Any associated data requirements must be addressed by the data submission deadline specified on the authorisation. These data requirements may relate to either your product as a whole or to a use specified on the label. Suitable data and/or information must be submitted to address these requirements by the data submission deadline otherwise authorisation for your product, or the affected use, will be withdrawn.
When an active substance has its approval renewed under Regulation (EC) 1107/2009, you will need to take action to renew your authorisations in accordance with Article 43 of the Regulation Data packages (or dossiers) previously submitted in support of these products need to be updated and an assessment carried out to the EC harmonised standards.
As an authorisation holder you have an on-going obligation to submit immediately any new data and/or information on the potentially dangerous effects of an active substance and/or product. These data are known as ‘adverse’ and your obligations are specified on your Notice of Authorisation.
For further information on adverse data and procedures for submitting these data can be found in the guidance on adverse data.
Your authorisation can be withdrawn in the following circumstances:
In addition, we will withdraw an authorisation for a product upon issue of a new Notice of Authorisation (eg following a new application). Further information on withdrawal of Notices of Authorisation can be found in the guidance on the withdrawal of authorisations.
Where appropriate all the data submitted in support of your application and used to make a regulatory decision will be protected in line with the provisions in the legislation under which your application was processed.
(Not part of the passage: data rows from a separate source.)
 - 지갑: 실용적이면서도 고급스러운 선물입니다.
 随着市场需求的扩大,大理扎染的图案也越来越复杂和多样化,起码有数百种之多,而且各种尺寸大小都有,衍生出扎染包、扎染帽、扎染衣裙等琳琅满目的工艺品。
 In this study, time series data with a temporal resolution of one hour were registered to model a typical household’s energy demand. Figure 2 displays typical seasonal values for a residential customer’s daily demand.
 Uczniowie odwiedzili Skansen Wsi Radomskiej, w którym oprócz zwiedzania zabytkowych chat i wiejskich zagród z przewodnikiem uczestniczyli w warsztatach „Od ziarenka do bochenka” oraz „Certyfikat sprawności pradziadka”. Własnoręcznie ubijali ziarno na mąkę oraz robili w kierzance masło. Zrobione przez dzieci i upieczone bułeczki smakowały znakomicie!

The data will be protected for a period of time based on the date of issue of the original authorisation for your product and whether you change your product’s formulation and/or use.
A third party can request that we access such data in support of their application if they refer to these data and the protection date (the ‘data protection period’) for these data has passed. Any data that you submit and are not used to support a regulatory decision will not be protected (ie they are ‘outwith’ the data protection system).
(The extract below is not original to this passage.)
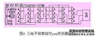 随着风电机组单机容量的不断增大,风电变流器的电压与电流等级也在不断提高,因此多电平变流器拓扑得到了广泛关注。变流器采用多电平方式后,可以在常规功率器件耐压基础上,实现高电压等级,获得更多级(台阶)的输出电压,使波形更接近正弦,谐波含量少,电压变化率小,并获得更大的输出容量。图6是直驱风电系统中三电平背靠背双pwm变流器拓扑,与两电平双pwm变流器相比,功率器件和电容增加了一倍,并额外增加了箝位二极管;直流侧电容由两个完全一样的电容串联组成,电容的中点作为变换器的箝位点,由网侧变换器保持直流侧两个电容的电压均衡。这种结构在风电中的应用目前已经比较成熟,对其的研究很多,主要集中在控制策略的优化上[8]。目前,世界范围内从事大功率风力发电用变流器和高压变频器研制的一些公司,都有多电平的产品方案;abb用于风力发电的变流器如acs1000,整流器采用12脉冲二极管整流,逆变器采用三电平npc结构,器件采用igct;siemens也有相似的应用,功率器件采用高压igbt;法国alstom公司采用飞跨电容型四电平拓扑,功率器件采用igbt,另外还基于igct开发出了飞跨电容型五电平变频器。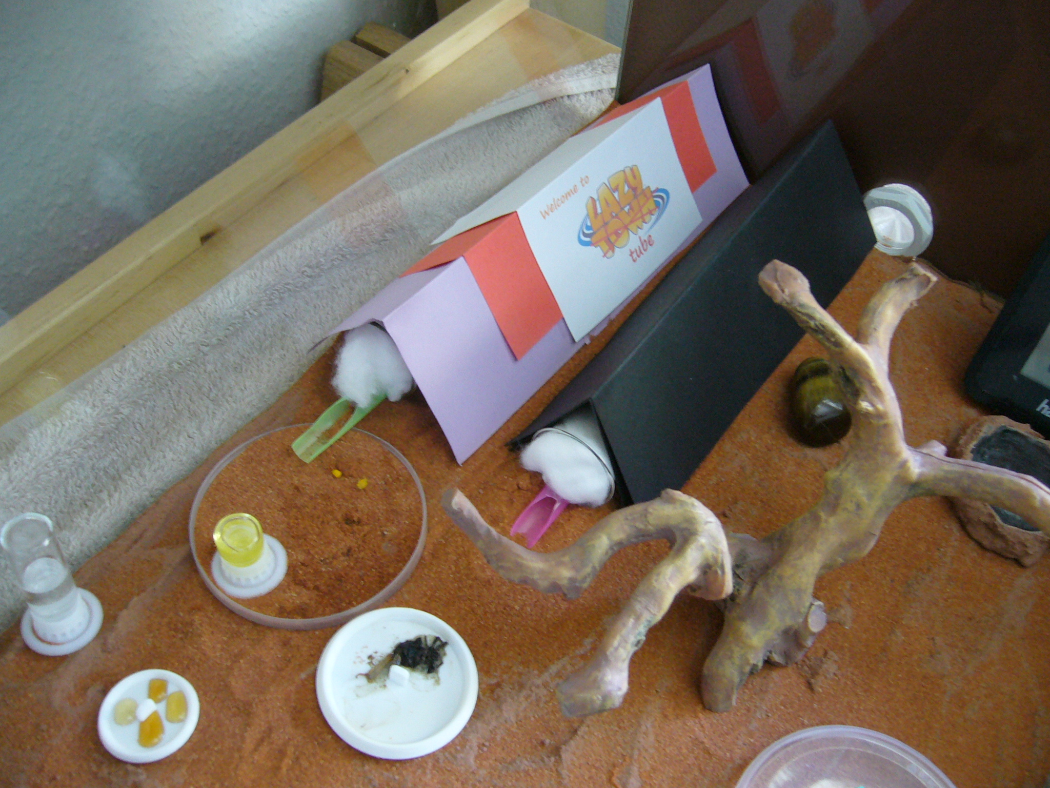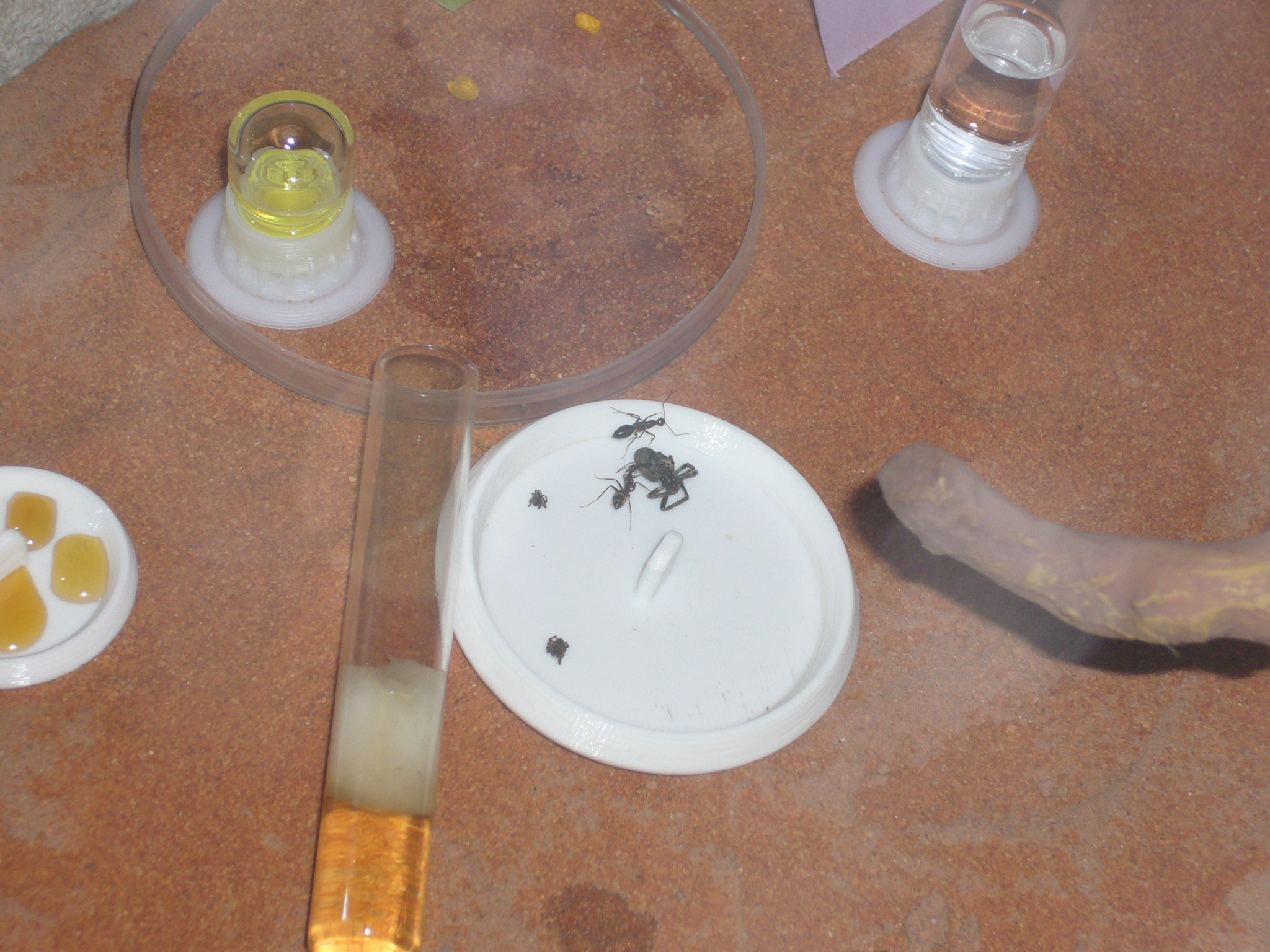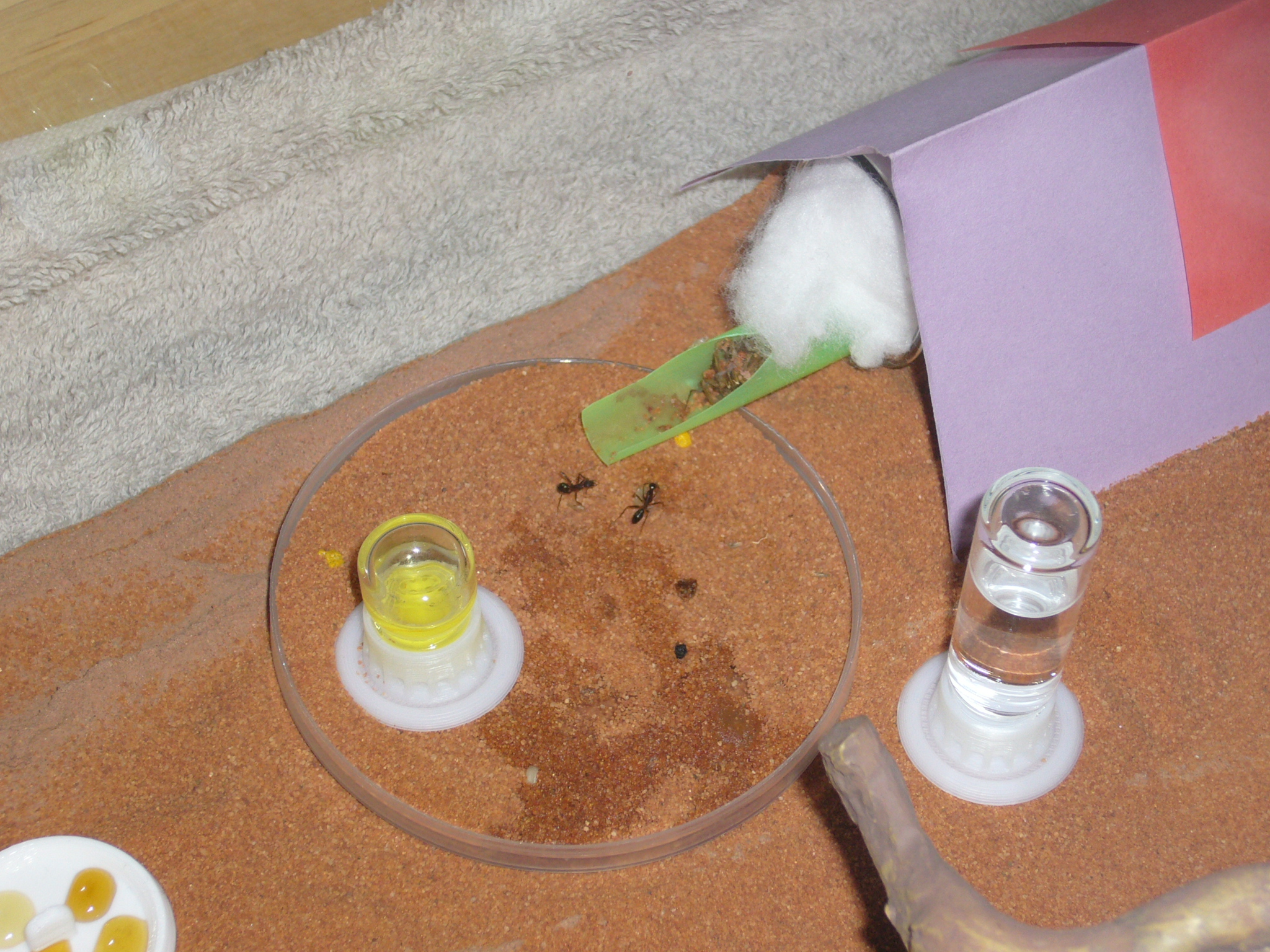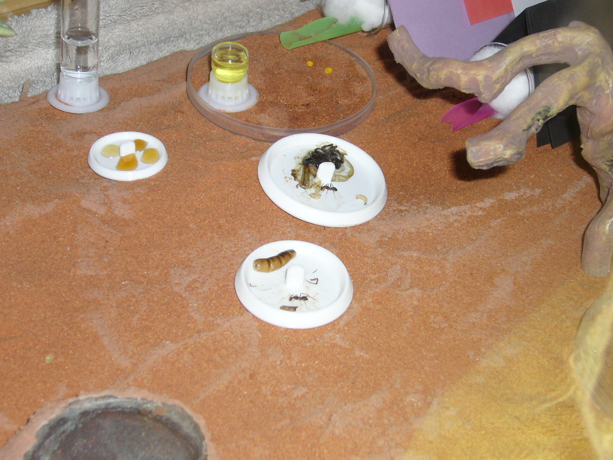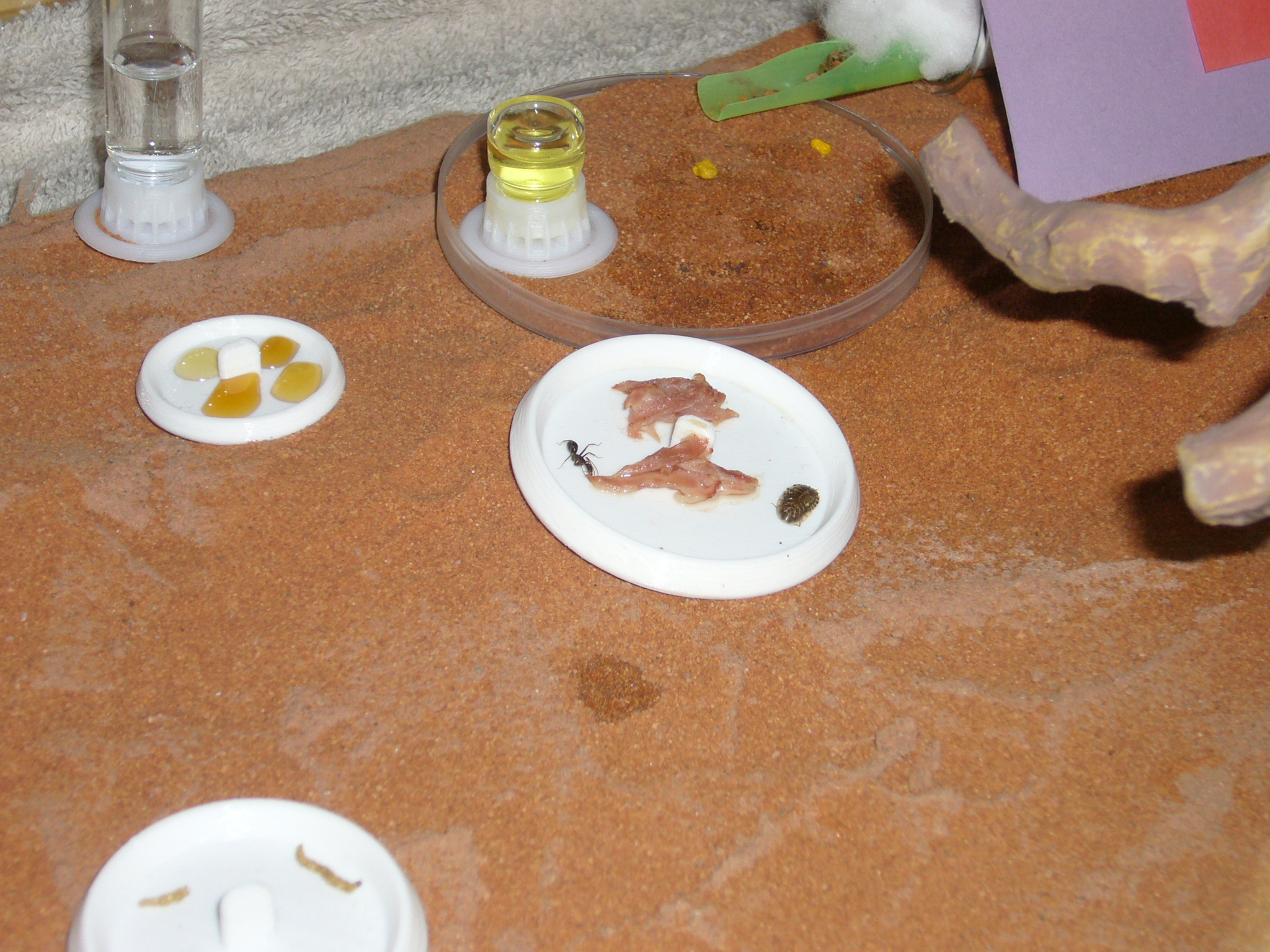 Zu Essen gibt es gerade eine riesige Spinne die ich draußen gefangen hab nur damit die Ameisen sie zwei Tage ignorierten bis ich etwas Wasser draufträufelte.

Further information on data protection and data protection periods can be found in the guidance on the protection of data.
If you wish to withdraw your product from the market for a commercial reason (a ‘commercial withdrawal’) we would prefer that you contact us so that your authorisation can be formally withdrawn, although you are not under any obligation to do so. Details of how to apply for a commercial withdrawal of a product can be found in the guidance on commercial withdrawals.
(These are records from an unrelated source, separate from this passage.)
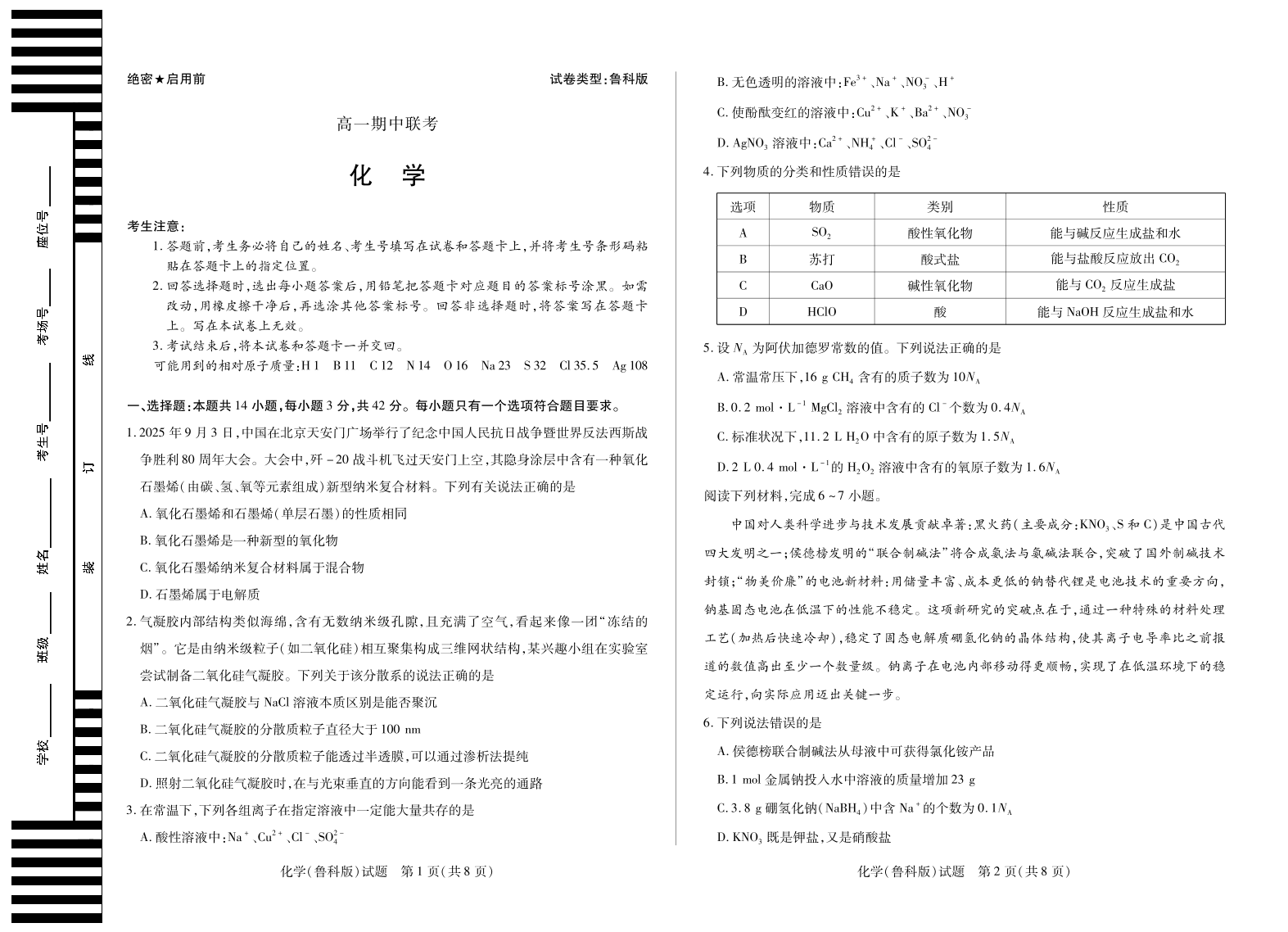 【化学鲁科版】天一大联考·安徽省2025-2026学年高一上学期期中联考.pdf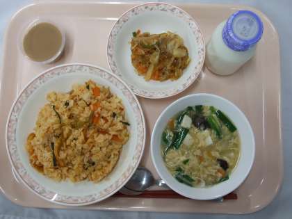 献立 キムチチャーハン ニラ玉スープ チャプチェ カフェオレゼリー 牛乳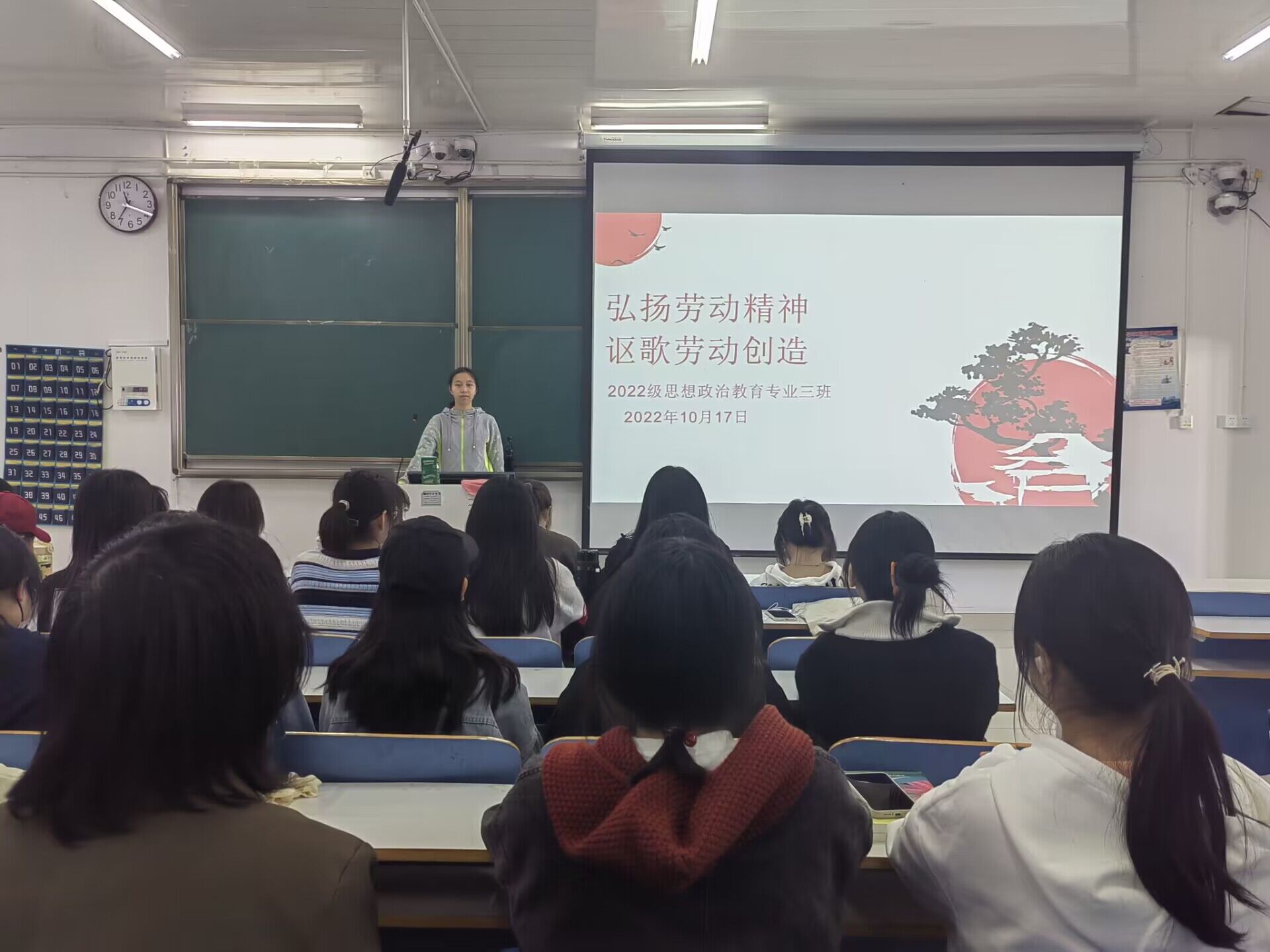 为树立正确的劳动观,切实加强大学生劳动教育,10月17日上午,pp电子官方网站2022级思想政治教育三班在社科楼515教室召开“弘扬劳动精神,讴歌劳动创造”主题班会。2022级思想政治教育三班全体成员参加会议,会议由劳动委员郑慧芳主持。

Authorisation holders are not required to submit an application for a commercial withdrawal although they should consider their position with regard to liability if they do not do so (see the guidance on commercial withdrawals).
If you wish to formally remove a use from the label of an authorised product and discontinue the authorisation for that use for a commercial reason, you must submit an application for a commercial withdrawal of the use, as a new authorisation will have to be issued for your product. Details of how to apply for a commercial withdrawal of a use can be found in the guidance on commercial withdrawals.
The grace periods given following the commercial withdrawal of a use may differ from the grace period following the withdrawal of a use that could occur because of a failure to meet a data submission deadline, or the period following the review of an active substance. A grace period up to the maximum authorisation period allowed for the product or use may be granted as explained in the section on authorisation expiry dates above.